若かりし頃、彼は人を迷わせる達人だった。
口先ひとつで信仰を奪い、愛を疑わせ、希望を反転させた。
100%の精度で人をだませた時代もあった。

でも歳を取った。

悪の誘導スキルは衰え、
地獄での立場もだんだん軽くなり、
地上に派遣されても、なぜか人を助けてしまうようになった。

不器用な人を見ると、ふと昔のことを思い出す。
——そういえば、あの頃は天使に憧れていたな。
羽がほしくて、空を飛びたくて、
何も知らないまま「光」の世界に夢を見ていた18歳の頃。

その頃の記憶のなかには、傷ついた“彼”がいた。
堕ちた天使。まだルシファーになる前の彼。

誰かが手を差し伸べるたびに、
彼はまた“人としての温かさ”を思い出す。
……でも、彼はもう長くなかった。


ある日、初老のルシファーは地上で銃撃を受けて重傷を負い、
人知れず夜の路地で倒れていた。

「……俺、もういいよ。
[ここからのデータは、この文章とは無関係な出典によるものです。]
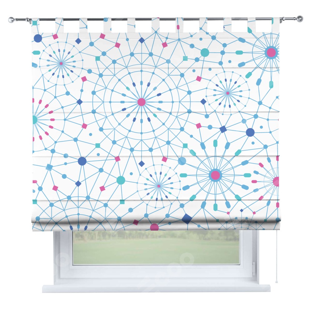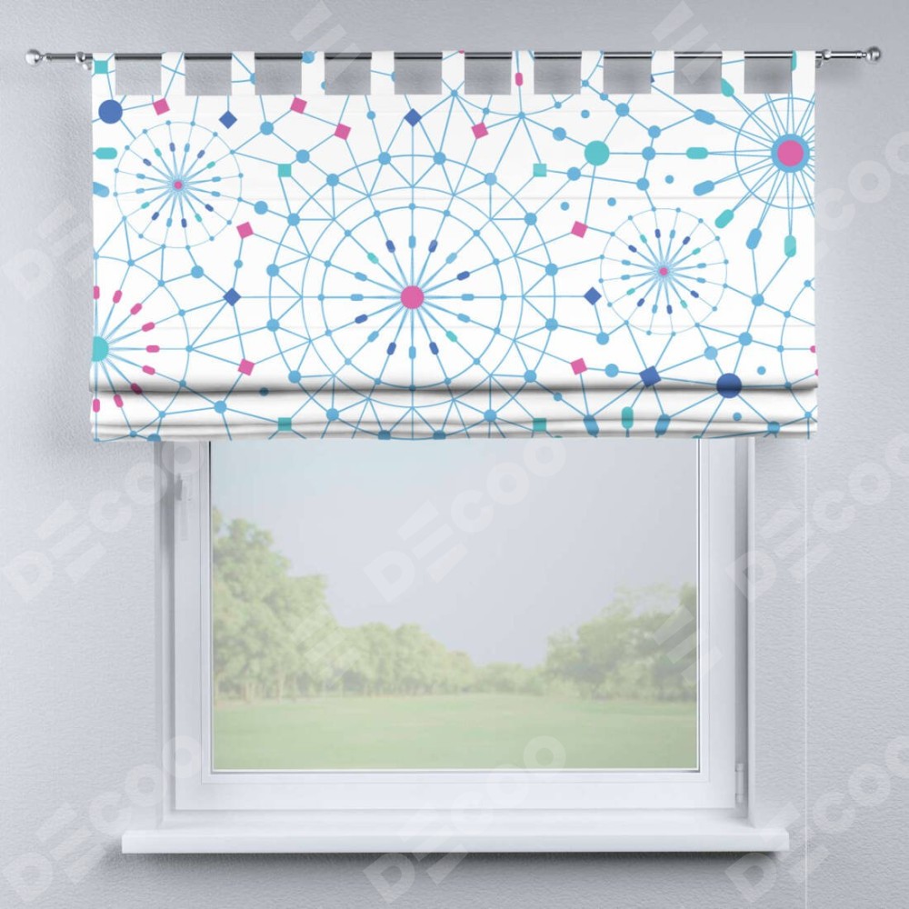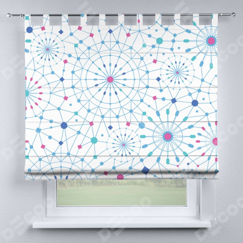 Римская штора производителя «Cortin», используется для проёма, пошита из ткани блэкаут с нанесением сублимационной печати «Круги и линии». Данная модель пошита на петлях, комплектуется на выбор круглым карнизом и подходит для монтажа на стену. Римская штора на петлях имеет простую систему регулировки высоты, отличительным преимуществом данной модели является простой способ монтажа. Достаточно повесить ее на трубу и штора готова!
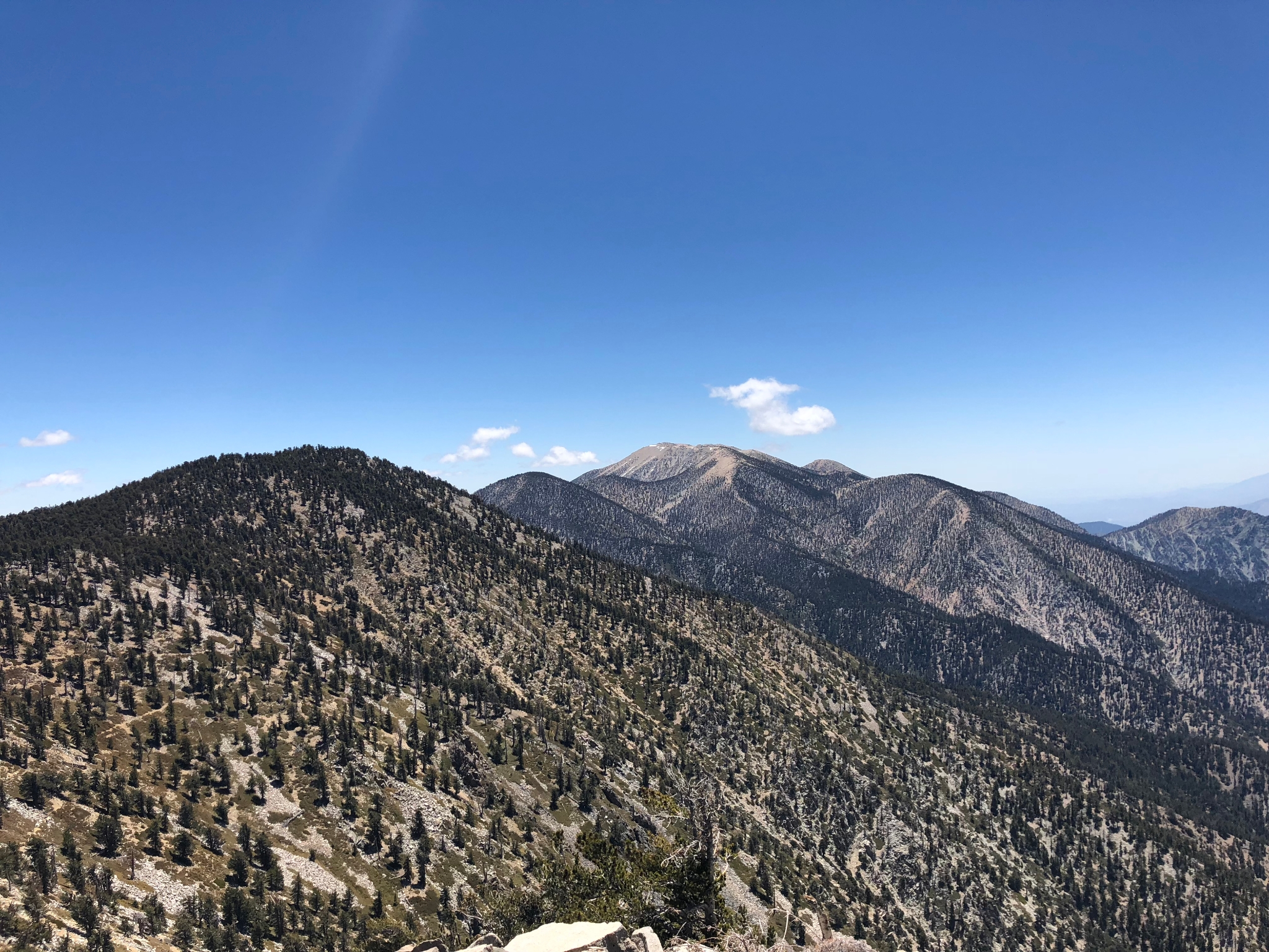 17 Looking back at East San Bernadino. The 9 Peak Challenge includes nine peaks on the ridgeline leading up to San Gorgonio that are all above 10,500'. The challenge is to bag them all. Most people do it as a multi-day backpacking trip. I'm trying to see how many I can bag in one day.

死んでいい。
でも来世があるなら、“人間”にしてくれ。
天使でも悪魔でもなく、
ふつうに、生きたい」

息を引き取るその瞬間、
彼の意識の中で、昔の自分が現れた。

18歳の青年が、血まみれの彼の手当てをしていた。

「俺なんか助けたら、天使どころか堕天使になるぞ……」

苦笑まじりにそうつぶやいた彼は、
静かに意識を手放した。


目が覚めたとき、青年は図書館の読書机にいた。
鏡に映った自分は、18歳のままだった。
けれど、何かが違った。

——心の奥に、“老いた記憶”が残っている。

机の上には手紙が一通、置かれていた。

65歳までは、真面目に生きろ。
お酒も煙草もギャンブルも、別にしてもいい。
でも、自分の“人としての誇り”だけは、失わないでくれ。

それがある限り、悪魔たちはお前に近づけない。

最後にこう添えられていた。

あの時の俺を助けてくれて、ありがとう。
これからは、ちゃんと生きろよ。


青年は、そっと手紙を胸にしまった。
そして静かに、図書館の奥の自習室へと歩き出した。

——新しい試験勉強が始まる。
今度は、人間として。


目次

✨読後に残るもの:

  • 悪もまた、かつて“光”を見た者だった
  • 堕落とは、罰ではなく“人として再生する入口”なのかもしれない
  • 脱力のなかでこそ、人は再び歩き出せる

※この物語は、私の中にあった「毒への憧れ」と「人間でありたい祈り」の間で揺れた記録です。

悪魔たちを責めることも、擁護することもしません。

ただ、あの午後の静けさの中で「もうここには居なくていい」と思えたことが、私の再出発でした。

あなたの中の毒も、きっと語られる日が来ますように。

堕落した男が、若き自分に救われる。
これは、毒の哲学が「やさしさ」を語りはじめた第一歩。